Please see my gist for all outputs (versions, cuda-memcheck, nvidia-smi etc…). Note that it runs perfectly fine on Grid K2-s.
https://gist.github.com/MarkusPfundstein/4f6d6103b713ee9f9e72
The exception thrown by theano is:
Traceback (most recent call last):
File “/home/net/nn/main.py”, line 281, in
args.func(args)
File “/home/net/nn/main.py”, line 72, in train
nn.train(data_provider)
File “/home/net/nn/NN/neural_net.py”, line 399, in train
cost = self._train(batch_offset[0], batch_offset[1])
File “/home/net/anaconda/lib/python2.7/site-packages/theano/compile/function_module.py”, line 606, in call
storage_map=self.fn.storage_map)
File “/home/net/anaconda/lib/python2.7/site-packages/theano/compile/function_module.py”, line 595, in call
outputs = self.fn()
RuntimeError: GpuCorrMM encountered a CUBLAS error: an internal operation failed
This could be a known bug in CUDA, please see the GpuCorrMM() documentation.
Apply node that caused the error: GpuCorrMM{valid, (1, 1)}(GpuContiguous.0, GpuContiguous.0)

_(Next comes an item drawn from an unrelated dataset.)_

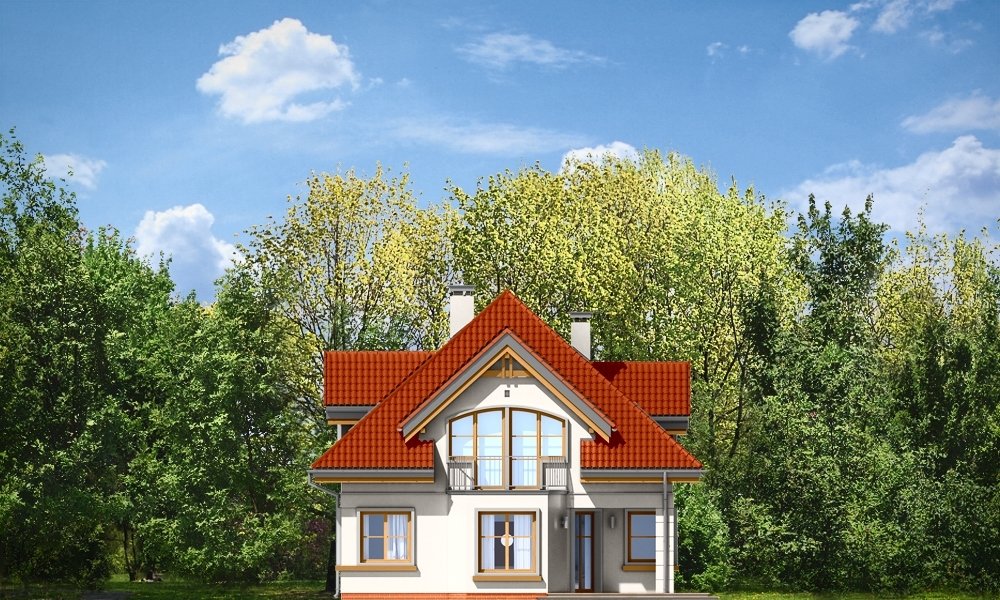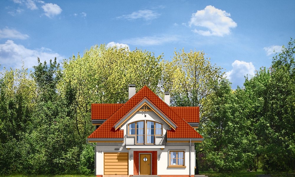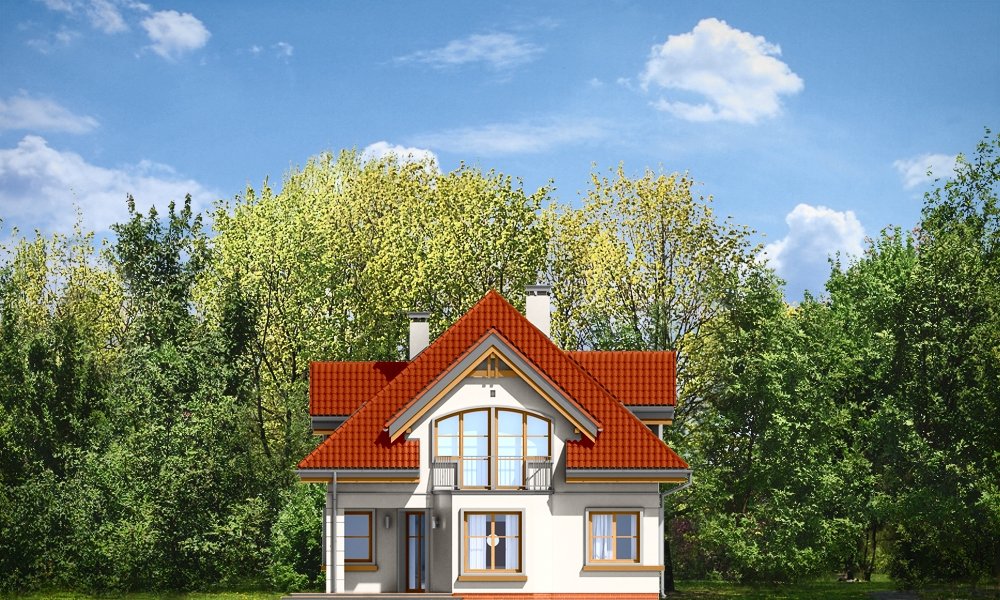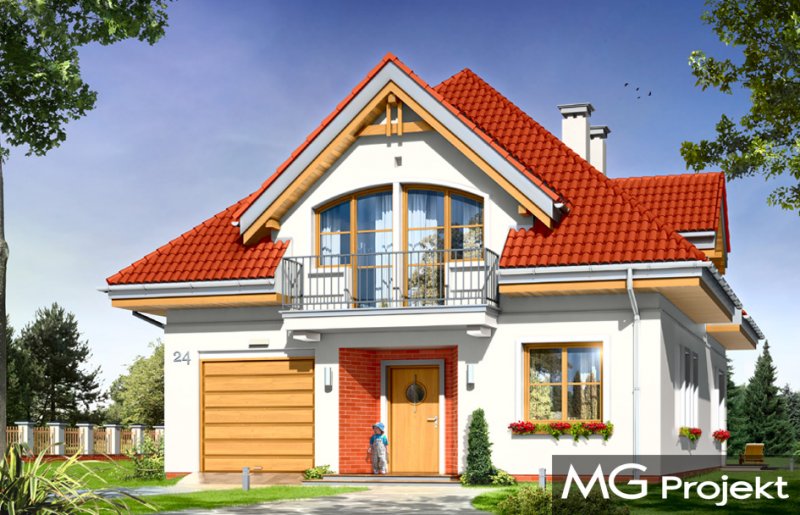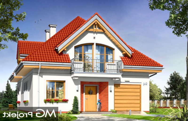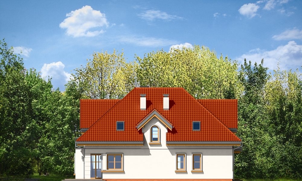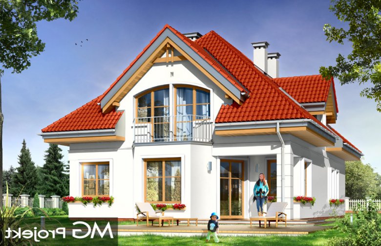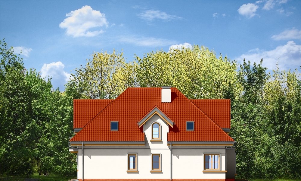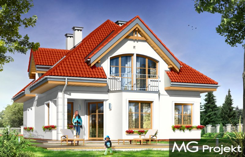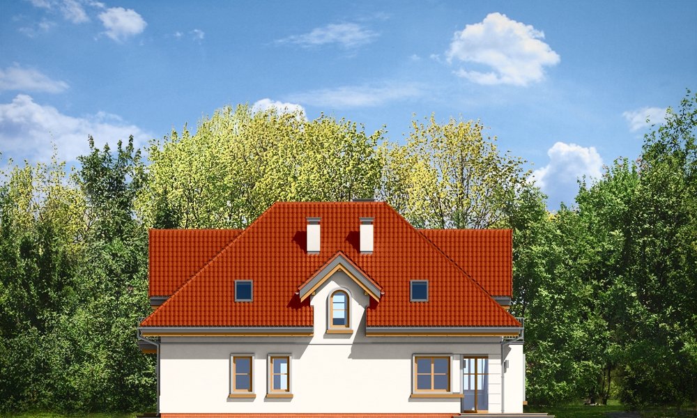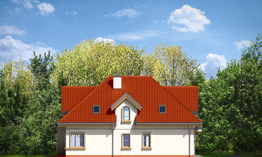 Weronika to uroczy domek jednorodzinny dla cztero-pięcioosobowej rodziny, parterowy z poddaszem użytkowym, zbudowany na planie prostokąta, przekryty czterospadowym dachem. Projekt dedykowany jest Inwestorom posiadającym dość wąską działkę, chcącym mimo to zbudować zgrabny, ładny dom nie przypominający „tramwaju”. Spokojna w wyrazie architektura domu łączy w sobie tradycyjną formą ze współczesnymi detalami i nowoczesnymi materiałami oraz kolorystyką. Front domu zdobi duża symetryczna lukarna z balkonem będącym jednocześnie zadaszeniem podestu wejściowego. Wejście zaakcentowano podcieniem wykończonym klinkierem. Elewację ogrodową zdobi podobna lukarna z balkonem, oraz wykusz aneksu jadalnego, oraz podcień salonu, przekrywający część tarasu. Wnętrze podzielono na część dzienną i pomieszczenia techniczne na parterze, oraz pokoje sypialne na poddaszu. Na dole, bardzo ładne wnętrze, z eleganckim holem z reprezentacyjnymi schodami, przechodzi w salon z ciekawie zaprojektowanym aneksem jadalnym z widokiem na ogród, oraz otwartą na salon kuchnią. W pobliżu wejścia znajduje się dodatkowy pokój – gabinet lub extra sypialnia. Na parterze znajdują się też: wbudowany w bryłę garaż, oraz kotłownia. Na poddaszu zaprojektowano cztery sypialnie, dużą wspólną łazienkę i garderobę dostępną z holu. W łatwy sposób można zamienić ogrodowe sypialnie na apartament rodziców z osobną łazienką i garderobą – jeśli jest taka potrzeba. Nad poddaszem znajduje się duży, bardzo przydatny strych. Weronika jest budynkiem o prostej konstrukcji, niedrogim w realizacji, energooszczędnym. Dom pasować będzie na wąską działkę. Pracownia posiada wersję odbicia lustrzanego projektu.

Inputs types: [CudaNdarrayType(float32, 4D), CudaNdarrayType(float32, 4D)]
Inputs shapes: [(3, 5, 128, 128), (3, 5, 118, 118)]
Inputs strides: [(81920, 16384, 128, 1), (69620, 13924, 118, 1)]
Inputs values: [‘not shown’, ‘not shown’]
HINT: Re-running with most Theano optimization disabled could give you a back-trace of when this node was created. This can be done with by setting the Theano flag ‘optimizer=fast_compile’. If that does not work, Theano optimizations can be disabled with ‘optimizer=None’.
HINT: Use the Theano flag ‘exception_verbosity=high’ for a debugprint and storage map footprint of
I’d really appreciate any help or points about where to look.
With best regards
Markus